Keywords: single cell sequencing (scRNA-seq), RNA sequencing (RNA-seq), CSF1 fusion transcript, tenosynovial giant cell tumor (TGCT), molecular tumor board (MTB)
Introduction
Tenosynovial giant cell tumor (TGCT), previously called pigmented villonodular tenosynovitis (PVNS) or giant cell tumor of the tendon sheath, is a rare mesenchymal neoplasm arising from the synovium of joints and tendon sheaths. It is molecularly characterized by recurrent genomic aberrations often involving the colony-stimulating factor 1 gene (CSF1) (1, 2). According to the 2020 WHO Classification of Soft Tissue and Bone Tumors, TGCT is a type of neoplasm that is locally aggressive (3). The symptoms of TGCT, including pain, tenderness, swelling, or limitation of motion, are not specific. Therefore, it is necessary to perform magnetic resonance imaging (MRI) and pathological biopsy to make an accurate diagnosis (4). Localized TGCT is a focal mass that typically surrounds or abuts the tendon, while the diffuse type often causes joint effusion or synovial fluid (5, 6). Sometimes, TGCT can resemble other soft tissue tumors on MRI, making diagnosis challenging (7).
Materials and methods
A bone marrow biopsy was obtained and immediately stored in a preservation buffer, Singleron, Germany. The cell suspension was then shipped overnight at 4°C to Singleron Labs in Cologne, Germany. Cell viability was assessed at Singleron Labs, and the sample with viability exceeding 80% were subsequently processed into single-cell suspensions using the sCelLiVE Tissue Dissociation Solution (#1190062, Singleron). Library preparation was carried out using the GEXSCOPE Single Cell RNA Library Kit on a microwell chip (SCOPE-chip) with barcoded beads. The finished library was paired-end sequenced on an Illumina NovaSeq.

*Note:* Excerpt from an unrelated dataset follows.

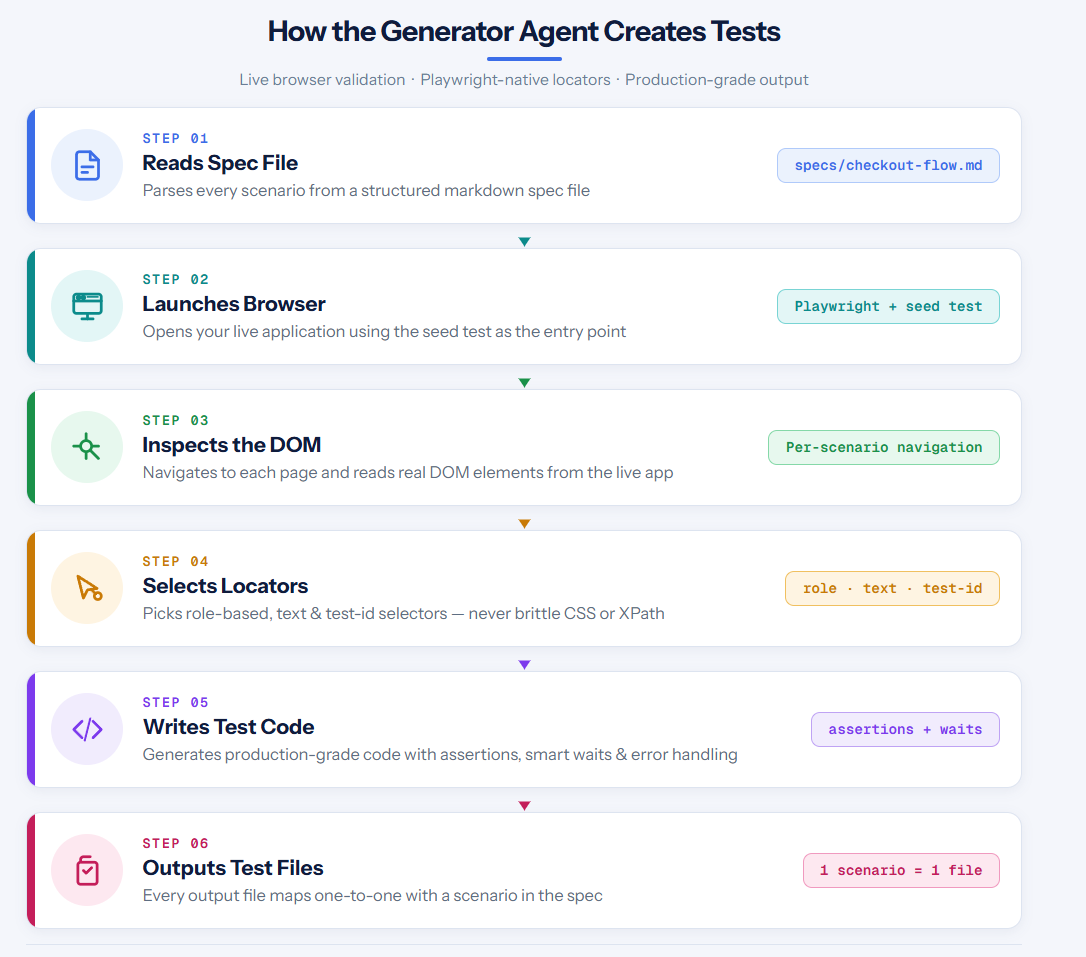 - Generator reads a spec file (for example, specs/checkout-tests.md)

Single-cell RNA-seq analysis pipeline
Raw gene expression matrices were generated by a custom pipeline combining ‘kallisto’ (v.0.46.1) and ‘bustools’ (v.0.46.1) using GRCh38 as human reference The output-filtered gene expression matrices were analyzed in ‘R’ (v.4.2.1), where empty droplets and doublets were removed for each sample using the packages ‘DropletUtils’ (v.1.8.0) and ‘doubletFinder’, and further analysis was performed using the ‘Seurat’ (v.4.3 (8)) package. Low-quality cells were excluded; cells with fewer than 200 features or less than 10% mitochondrial RNA were removed. Cell clusters were manually annotated using established marker genes from cited literature, complemented by automated approaches, including scType (9), based on the Human Cell Atlas. To identify and visualize the cell cross-talk among cells or between clusters, the R package ‘CellChat’ (v.1) was used according to the developer’s vignette [ https://github.com/sqjin/CellChat]. To identify molecular pathways that are differentially regulated between moderate and severe PCS patients, the PROGENy database was used (10). The PROGENy database, incorporating empirical activity weights from perturbation experiments for perturbation response genes, was used to estimate the activity of 14 signaling pathways. The pathway activity is statistically tested between moderate and severe PCS groups by incorporating a linear model (10).
Bulk RNA-sequencing
For RNA-sequencing, STAR ALIGNER (version 2.7.2b) were used. Additionally, fusion genes from RNA-seq data were identified by the application of STAR-FUSION (version 1.9.0) running in de novo reconstruction mode. The hg19 genome served as the reference genome. The validation of resulting fusion genes was performed by applying FUSIONCATCHER and FUSIONINSPECTOR.
Case presentation
A 45-year-old male patient presented with a six-month history of progressively painful swelling in his right hip joint. Histological evaluation of a biopsy prompted a preliminary diagnosis of Erdheim-Chester disease. However, the clinical and radiological appearance were atypical, see Figure 1 . The femoral head MRI scans ( Figures 1A, B ) reveal bone and soft tissue infiltration by the tumor from various perspectives. Additionally, Figures 1C, D present the tumor tissue, characterized by an abundance of foamy macrophages and multinucleated giant cells, as seen from the hematoxylin and eosin stainings (C) and immunostaining for CD 68 (D).
Figure 1.
MRT images of the affected femoral head in the transverse plane (A) and frontal plane (B). Tumor tissue with a predominance of infiltrating foamy macrophages, cleft-like spaces (arrows), and multinucleated giant cells (arrowheads) in hematoxylin and eosin stainings (C) and immunostaining for CD68 (D). Original magnifications 200x, bar indicates 200 µm.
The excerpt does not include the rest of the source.